In summer, there are no discernable differences in the modeled heat fluxes (not shown). There is a positive net surface energy balance over the Northern Hemisphere. Over the Arctic in summer there is a greater downward flux in the NT simulation than the CONTROL. The magnitude of the differences, however, is much smaller than in winter. Shortwave (SW) radiation absorption at the surface is the most important factor in the summer net surface energy balance. Sensible and latent heat losses are comparatively small in summer as the sea–air temperature gradient is much less than in winter. The SW incident radiation can be absorbed by open water but is reflected by ice, which has a higher albedo. Therefore, in the NT simulation, which has reduced sea ice concentrations, more of the incident SW is absorbed at the surface, although there is actually less surface downward SW radiation due in part to increased (low) cloud cover over reduced sea ice areas. Despite there being differences in Arctic surface energy balance these do not produce significant differences in surface air temperature in summer.

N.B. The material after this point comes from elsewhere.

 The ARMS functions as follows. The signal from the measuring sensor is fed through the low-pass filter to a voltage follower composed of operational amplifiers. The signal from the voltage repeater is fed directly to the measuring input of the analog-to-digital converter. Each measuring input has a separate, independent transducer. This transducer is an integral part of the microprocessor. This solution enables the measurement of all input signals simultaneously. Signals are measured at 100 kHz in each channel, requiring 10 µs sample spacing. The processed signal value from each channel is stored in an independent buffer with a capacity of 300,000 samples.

It is noted that SW and LW radiation would heat the oceans radiatively if a coupled model were used. Using the same prescribed SSTs for all simulations reduces the effect of surface incident and absorbed SW radiation on the climate. Prescribed SSTs also provide a limitless source of heat in the winter in the sense that heat loss from the ocean does not result in further cooling and formation of sea ice.

c. Other fields

1) Storm Track Activity

Storm track activity has been calculated using the high-pass transient poleward temperature flux at 850 hPa, showing areas of maximum high-frequency variability (Fig. 7, upper-left plot). In winter three major storm tracks are simulated in the North Atlantic, North Pacific, and Southern Oceans. The northward tilt of the North Atlantic storm track is also captured in all the models.

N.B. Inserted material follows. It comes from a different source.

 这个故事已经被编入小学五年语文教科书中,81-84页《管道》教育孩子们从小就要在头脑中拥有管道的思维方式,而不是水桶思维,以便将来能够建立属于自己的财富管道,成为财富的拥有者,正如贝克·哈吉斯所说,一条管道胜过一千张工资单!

The NT-simulated North Pacific storm track activity is weaker in some regions than the CONTROL (Fig. 7, lower-left plot). Latitudinal temperature gradients are important for transient systems. The NT-simulated surface air temperatures (Fig. 4) were, in general, warmer over the Arctic compared to the other simulations, as described previously, due to smaller sea ice fractions allowing greater heat loss from the ocean. This weakens the overall latitudinal temperature gradient, impacting on the Pacific storm track. The low-level flow also changes (see Fig. 5) and this may also be playing a role via the barotropic governor effect (Jones 1993).

Anomalies in the North Atlantic storm track are stronger than the North Pacific track. The NT North Atlantic storm track is more intense at the start off the east coast of North America than the CONTROL. This suggests that changes in low-level flow patterns have a greater effect in the Atlantic sector than latitudinal temperature gradients. Specifically, increases in cyclonic circulation due to lower MSLP over the Arctic induced by negative sea ice fraction anomalies lead to enhanced westerlies and, consequently, the enhancement in the North Atlantic.

2) Precipitation

Globally, changes in precipitation are small (<1% of global annual mean). Patterns of average winter total precipitation from the CONTROL simulation are displayed in Fig. 7 (upper-right plot). Directly over regions of discrepancy in Arctic sea ice extent at the ice edge, an increase in winter evaporation is simulated, where the sea ice fraction is lower in the NT simulation. This leads to an increase in convective and low cloud cover in these regions in winter (and autumn and spring) and an increase in precipitation. When compared to the CONTROL simulation there is a higher precipitation rate in the NT simulation around the GIN and Barents Seas, directly over regions of lower sea ice fractions (Fig. 7, lower-right plot). Storm tracks are responsible for a large proportion of midlatitude precipitation. Positive precipitation anomalies occur South of Greenland where there is an intensification of the North Atlantic storm track.

In another model experiment by Kattsov and Walsh (2000) the decrease of sea ice boundary conditions (and variation in SST and CO2) also produced an increase in Arctic precipitation, which was largest near the sea ice margin. The results also highlighted the need for accuracy of specified sea ice boundary conditions.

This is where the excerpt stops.